- _Instructions to follow_
Write the data out again exactly, with no pictures.

- _Provided data_
>>

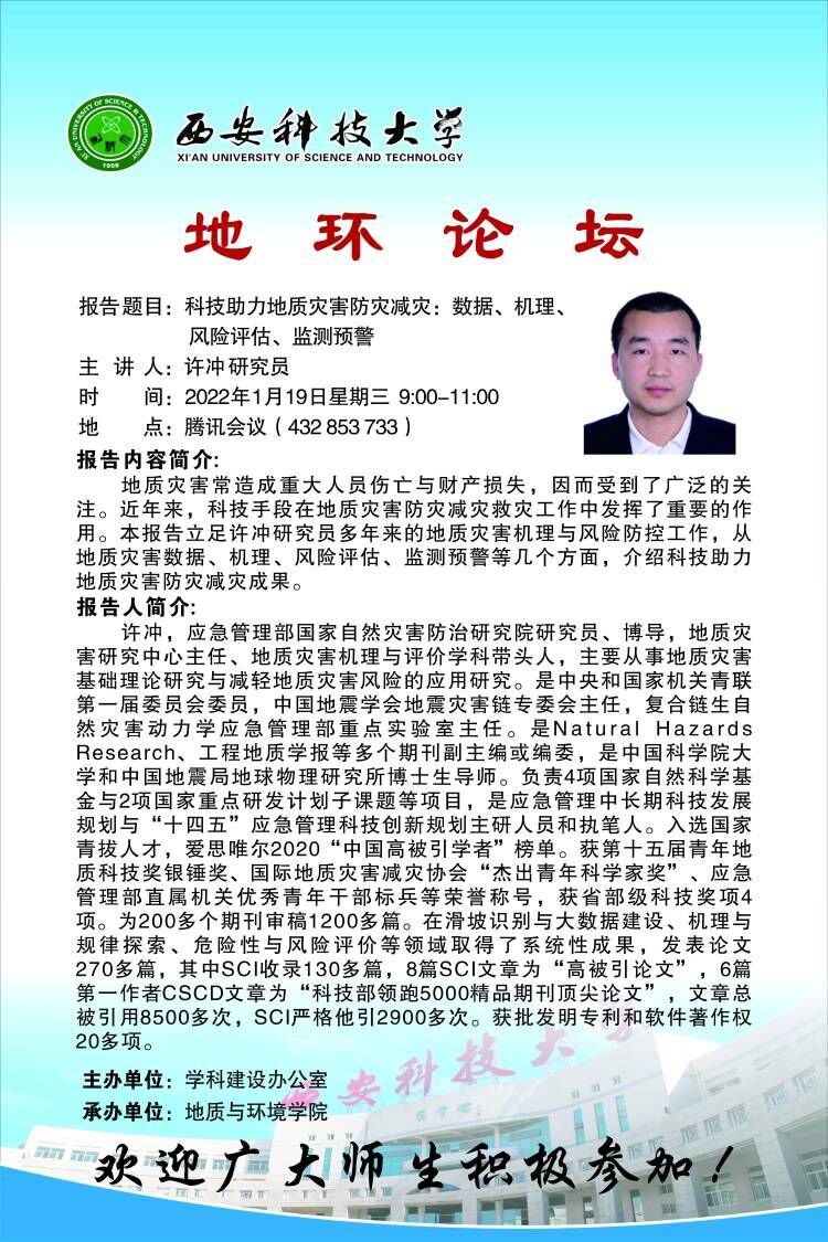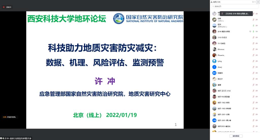 1月19日上午9时,应急管理部国家自然灾害防治研究院许冲研究员应邀做客我院“地环论坛”,做了题为《科技助力地质灾害防灾减灾:数据、机理、风险评估、监测预警》的学术报告,学院赵洲副院长主持,全院近200余名师生线上聆听了报告。
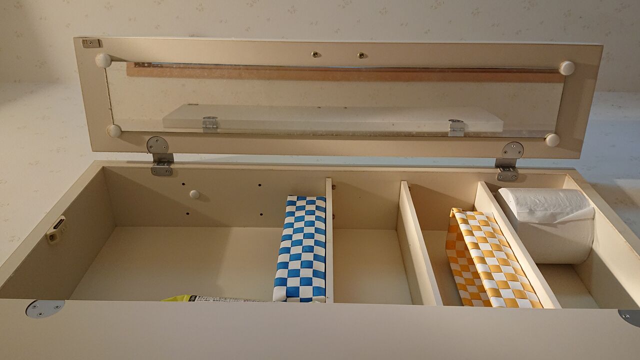 この棚に入っていたのは、赤ちゃん時代に使っていた干からびたウエットティッシュだけ。
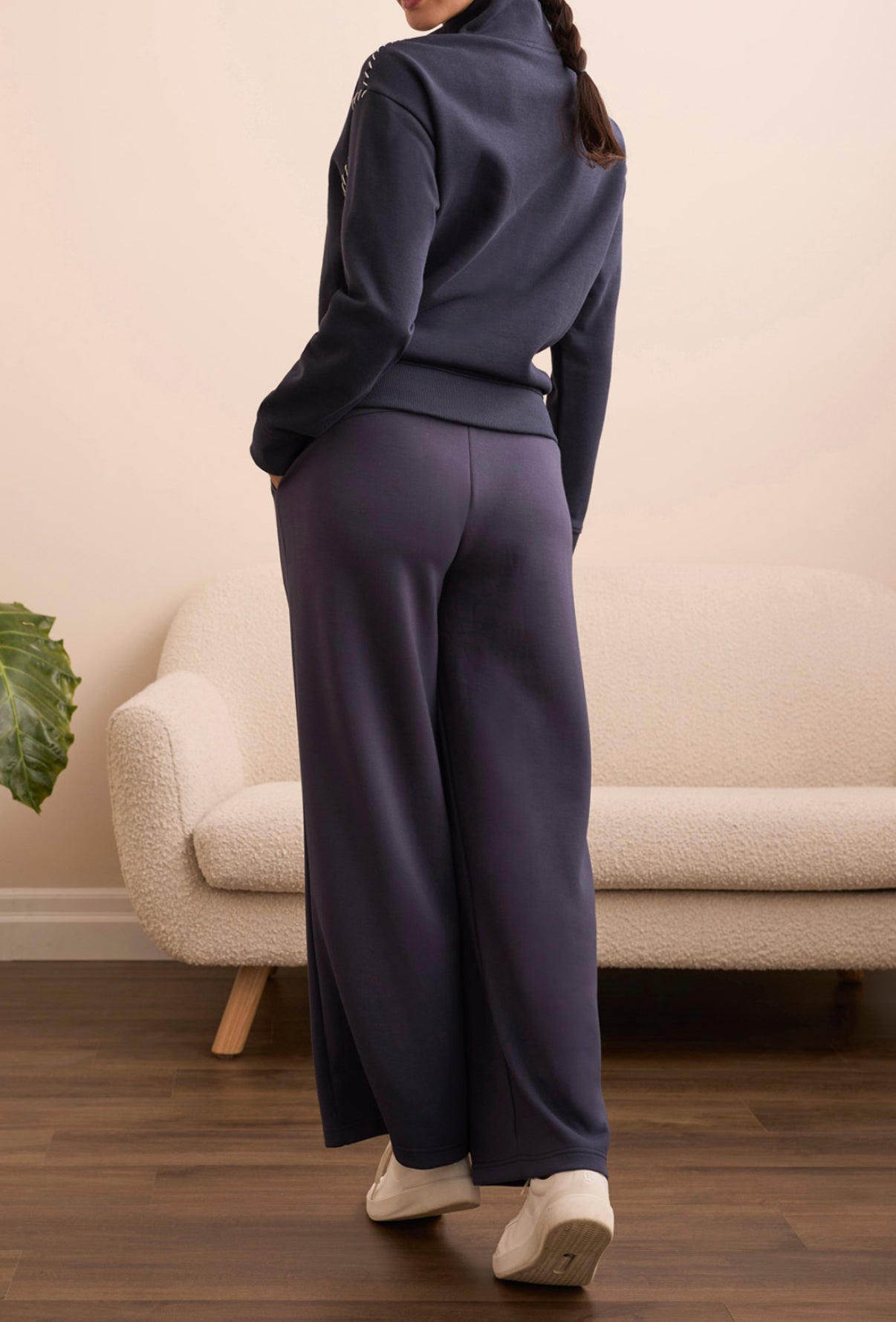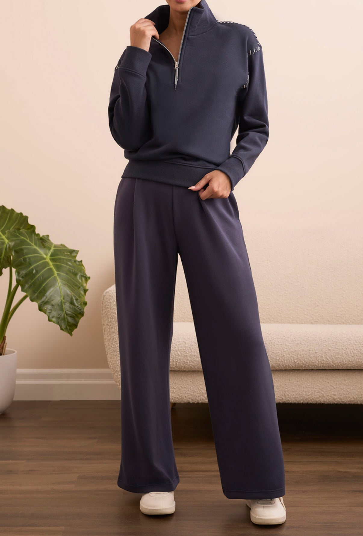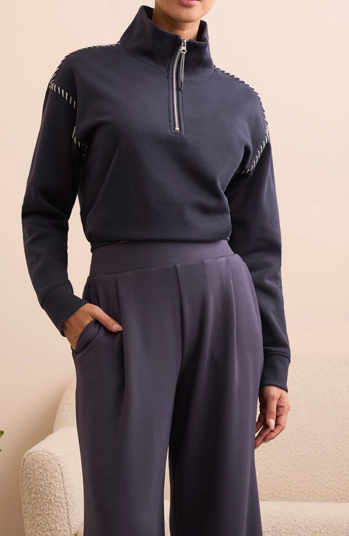 Long-sleeve funnel neck top w/ stitching.

<<

- _Task result_
 1月19日上午9时,应急管理部国家自然灾害防治研究院许冲研究员应邀做客我院“地环论坛”,做了题为《科技助力地质灾害防灾减灾:数据、机理、风险评估、监测预警》的学术报告,学院赵洲副院长主持,全院近200余名师生线上聆听了报告。
 この棚に入っていたのは、赤ちゃん時代に使っていた干からびたウエットティッシュだけ。
 Long-sleeve funnel neck top w/ stitching.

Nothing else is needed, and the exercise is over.